During his high school career, he has been a member of the Ward Melville High School Varsity Science Olympiad Team and was also the president of the school’s math team and computer science club. He qualified for the International Science and Engineering Fair and won a silver medal at the Long Island math research competition. The valedictorian played piano and violin in the school’s ensembles and was named an All-State pianist, qualified as an All-State alternative for violin and toured in Spain and eastern Europe in eighth- and 10th-grade, respectively, through the Metropolitan Youth Orchestra. In 2020, he was named a National Merit Scholarship winner.

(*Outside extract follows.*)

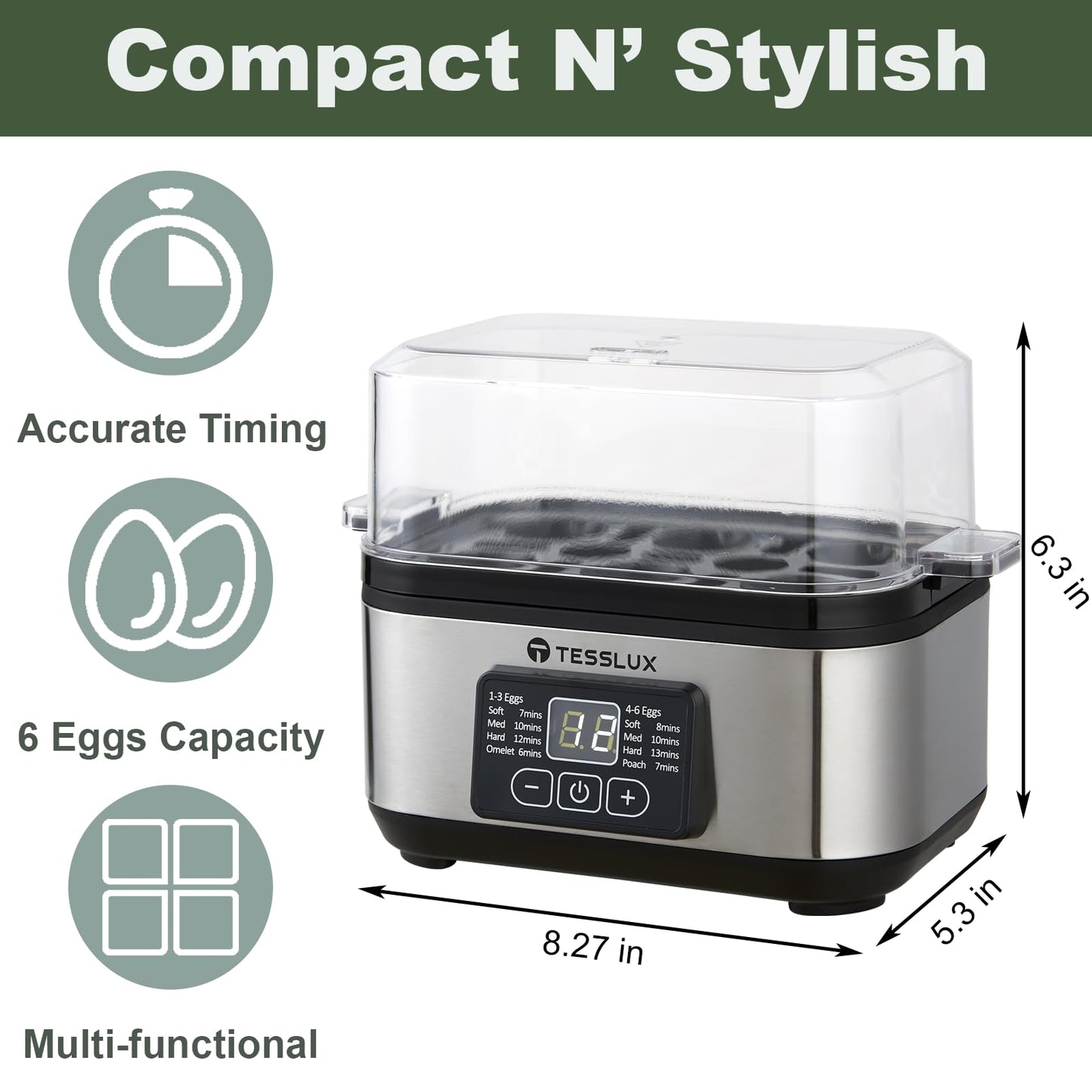 - 6 EGG CAPACITY - Cooks up to 6 eggs at a time, perfect for larger meals and family gatherings. Time-saving feature for cooking multiple servings at the same time.
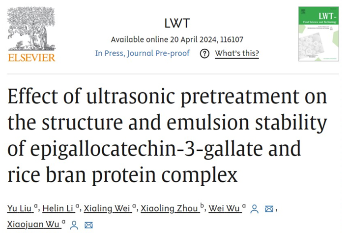 2024年4月,稻谷及副产物深加工国家工程研究中心吴伟副主任团队团队在食品领域国际期刊LWT - Food Science and Technology(Q1, IF=6.0)在线发表题为“Effect of ultrasonic pretreatment on the structure and emulsion stability of epigallocatechin-3-gallate and rice bran protein complex”的研究论文。中南林业科技大学食品与工程学院硕士研究生刘雨为第一作者,通讯作者为稻谷及副产物深加工国家工程研究中心吴伟副主任和吴晓娟高级实验师。

Among his activities and achievements, being the director, creator and manager of Piano for Patients has been one of his favorites. He and other student-musicians would play piano in the Stony Brook University Hospital lobby and over time other musicians became involved performing with other instruments. He’s hoping before he attends college and hands over his responsibilities to a younger student that the group can do one more performance in the summer, since they haven’t been able to perform during the pandemic. Recently, he and his piano teacher Daniel Fogel have organized an online concert as an alternative way to do community service through playing piano.

In addition to Piano for Patients, he volunteered at the hospital helping out with whatever needed to be done to lighten the load for workers, whether it was moving things around, making beds or cleaning floors.

He said choosing computer science came about since he’s been involved in programming since sixth- and seventh-grade, and he also took courses at Stony Brook University where he was involved in programming as well as researching different ways to find data.

“In the future, computer science is going to have a large impact and so I want to be a part of that,” he said, adding he thinks about working at places such as Google in the future.

He said among the teachers in the Three Village school district who had an influence on him was former Gelinas teacher Gary Vorwald, who was both his earth science teacher and the head of Science Olympiad in the school. The valedictorian remembers how the teacher would stay late at school to help students.

“It was the first time that I saw passion for science, he really made me want to join the Science Olympiad,” he said.

As the school was shut down due to the coronavirus pandemic, Sun said he kept himself busy with computer science projects and learning Mandarin.

As he leaves Ward Melville behind, he said he’s impressed with the younger students.

“This is really a tumultuous time but we’ve seen some amazing things, especially from the grades that are coming up,” he said. “People are really pushing for what they believe in. What I would say is fight for what you believe in, because with what’s going on now, people are really fighting for justice and such amazing things.”